Although the statute cited above is not mentioned in
Ameriloss’ brief, it is the primary authority for the rule and
the concomitant declaratory statement of which Ameriloss
complains.

Although not a party to the proceeding, the six-page
Declaratory Statement resulting from the petition, specifically
addressed Ameriloss’ complaint that it had somehow suffered from
retroactive application of rule language adopted months before
its contract with Mr. Lightbourn:

[I]t is clear that AmeriLoss had prior notice that
only a ten percent fee for such services rendered in
connection with hurricane damage was deemed to be
appropriate, because the rule at issue was already in
effect at the time the parties entered into the fee
agreement.
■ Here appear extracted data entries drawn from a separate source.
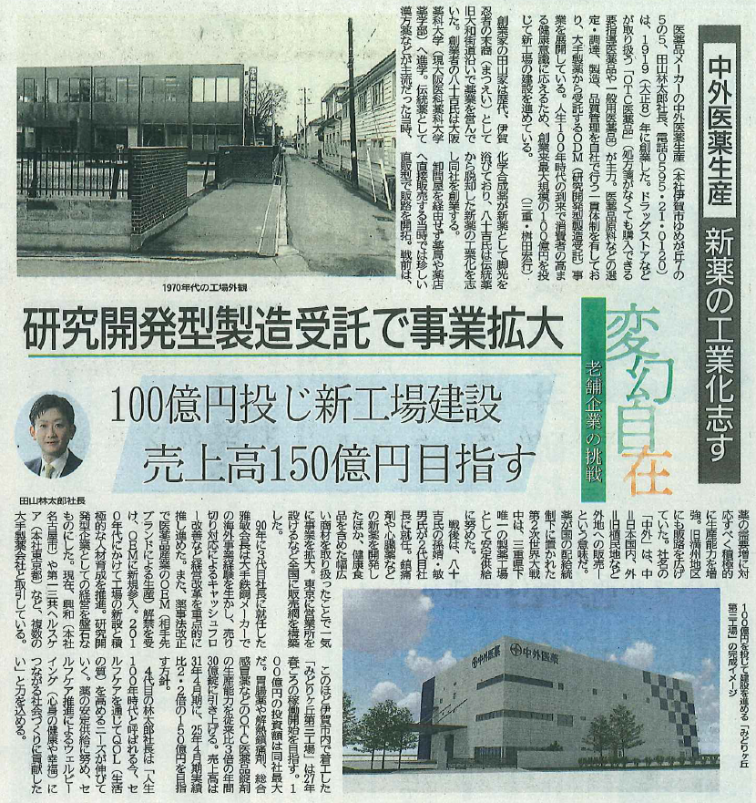 中部経済新聞「変幻自在~老舗企業の挑戦~」に掲載されました
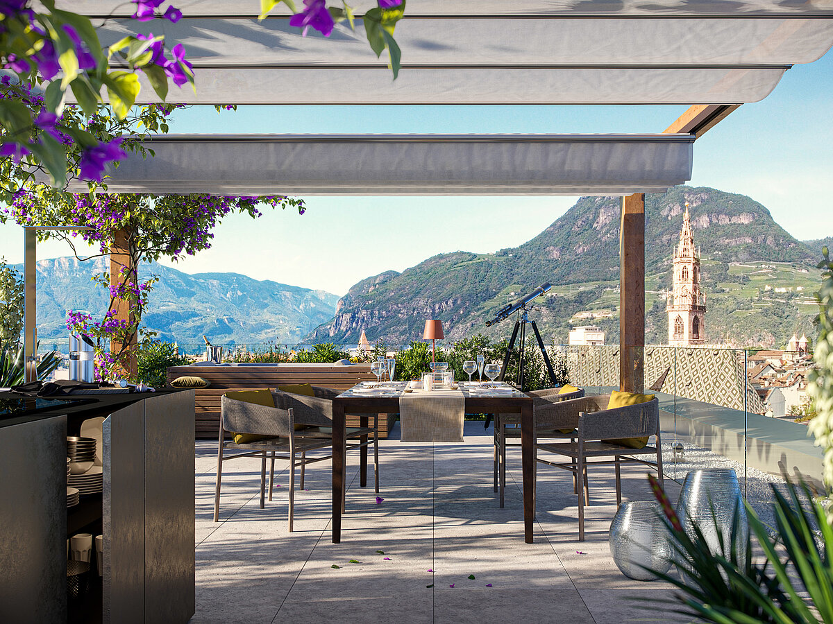 Die Wohngebäude sind eingebettet in eine begrünte Dachlandschaft. In privaten Gärten, Loggien oder Terrassen genießen Sie Ruhe und Natur und sind dabei mitten in der Stadt.
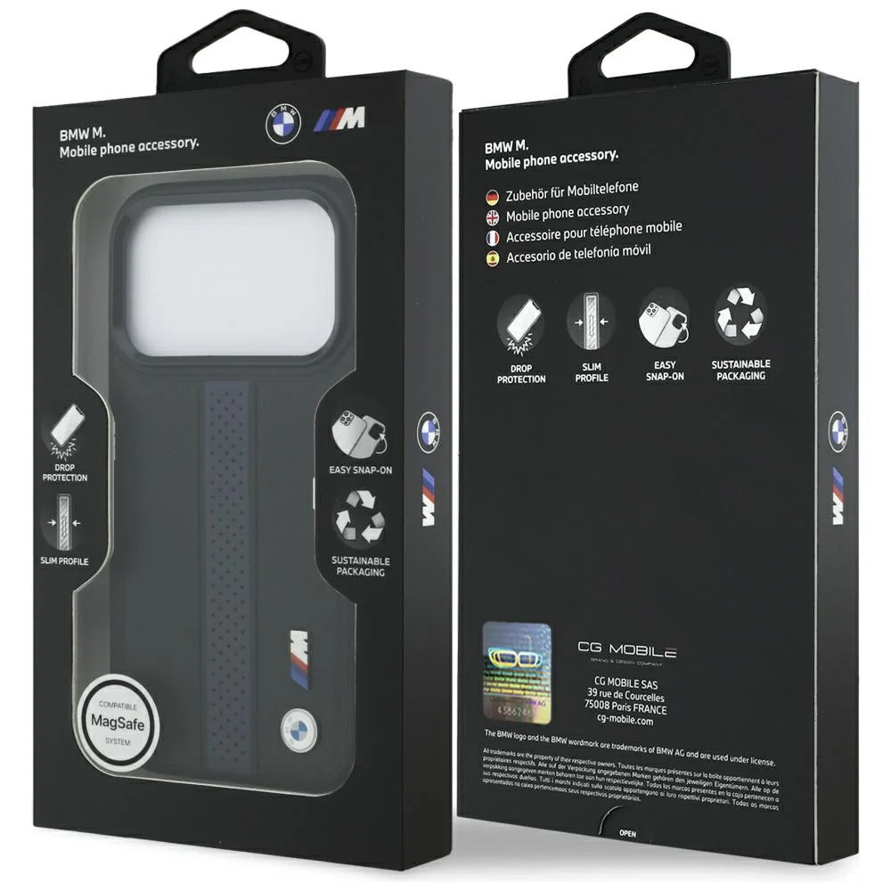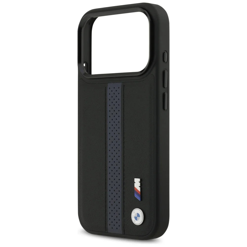 BMW M Collection Stripe Leather Case Schwarz/Blau für iPhone 17 Pro Max
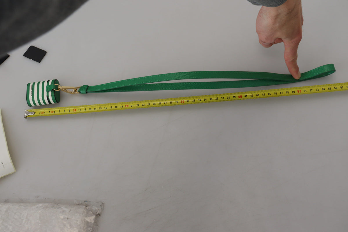 Green Leather Strap Gold Metal Logo Airpods Case
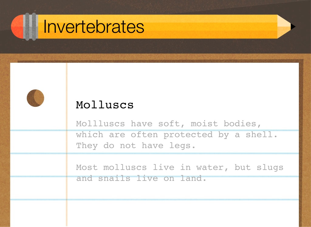 Mollluscs have soft, moist bodies, which are often protected by a shell. They do not have legs.

When weighing the criteria enumerated by
the controlling case law, the most supportable view
is that the application of the rule in this specific
instance would not constitute an impermissible
retroactive operation. (R-6; emphasis in original.)
contrary to Ameriloss’ conclusion (IB-28), Florida
Administrative Code Rule 69B-220.201 does apply to the
Lightbourn contract and therefore the Declaratory Statement
should be affirmed.

Ameriloss claims that it had a letter from the DFS stating that the fee in excess of ten per cent was permissible. Unfortunately for Ameriloss, that letter was issued eight months before the new rule came into effect. The DFS simply says the letter does not apply.

I am not certain what the appellate court will do. Generally, appellants lose. If so, the filing of the class action and the advertising for new clients as noted in my posts may be a method for some class action attorneys to “cash in” on an unfavorable ruling against Ameriloss. Obviously, this contract scenario has been entered into thousands of times with thousands of dollars in fees. The amounts charged and relevant to this situation will be conservatively in the eight figures. Many public adjusting firms are in the same boat with Ameriloss. This is not an insignificant matter if the appellate court upholds the administrative ruling.

As I noted in the beginning of this post, small disputes can quickly get out of hand if not resolved. At this point, the disputed $6,967.29 fee seems pretty insignificant.